UM KOAN AO CONTRÁRIO


 

 

 

 

A alma e o baú

 

Tu que tão sentida e repetida e voluptuosamente te entristeces e adoeces de ti,

é preciso rasgar essas vestes de dó,

as penas é preciso raspar com um caco, uma

por uma: são

crostas…

E sobre a carne viva

nenhuma ternura sopre.

Que ninguém acorra.

Ninguém, biblicamente, com os seus bálsamos e olores…
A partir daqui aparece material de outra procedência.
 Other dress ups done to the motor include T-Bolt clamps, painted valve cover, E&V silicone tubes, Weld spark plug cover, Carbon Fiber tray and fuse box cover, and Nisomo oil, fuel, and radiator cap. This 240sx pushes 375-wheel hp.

Ah, tu com as tuas cousas e lousas, teus badulaques, teus ais ornamentais, tuas rimas,

esses guizos de louco…

A tua alma (tua?) olha-te, simplesmente.

Alheia e fiel como um espelho.

Por supremo pudor, despe-te, despe-te, quanto mais nu mais tu,

despoja-te mais e mais.

Até a invisibilidade.

Até que fiquem só espelho contra espelho

num puro amor isento de qualquer imagem

– Mestre, dize-me… e isso tudo valerá acaso a perda de meu baú?

 

(Mario Quintana, in Apontamentos de História Sobrenatural, primeira edição, 1976)

 

 

 

Como se pode ler no poema acima de Quintana, estamos diante de um diálogo. Contudo, chama a atenção que a primeira fala não inicia por um travessão, que marcaria desde o princípio a fala de um, dando a entender que viria a seguir a fala de outro. Como não há o travessão, começamos a ler o poema como uma fala que se refere a um tu não especificado. Como não está determinado, e como o que é dito no primeiro verso tem um caráter universalizante, já entramos nessa interlocução, o tu pode ser eu mesmo, que estou lendo. Está falando comigo.
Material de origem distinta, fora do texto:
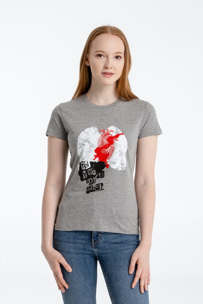 70889.11 - Футболка женская «Ты у меня вот здесь», серый меланж

É fácil a gente se identificar. Afinal, quem não se entristece e adoece de si? Essa voz que fala com a gente prossegue, dizendo que essa tristeza, essa doença repetida, é como uma vestimenta de sofrimento, ou seja, é falsa. É necessário acabar com ela sem piedade, sem autopiedade. Outras imagens mais cruéis vão seguindo, como a raspagem com um caco, deixando a gente em carne viva. E nada de socorros bíblicos ou de outra ordem.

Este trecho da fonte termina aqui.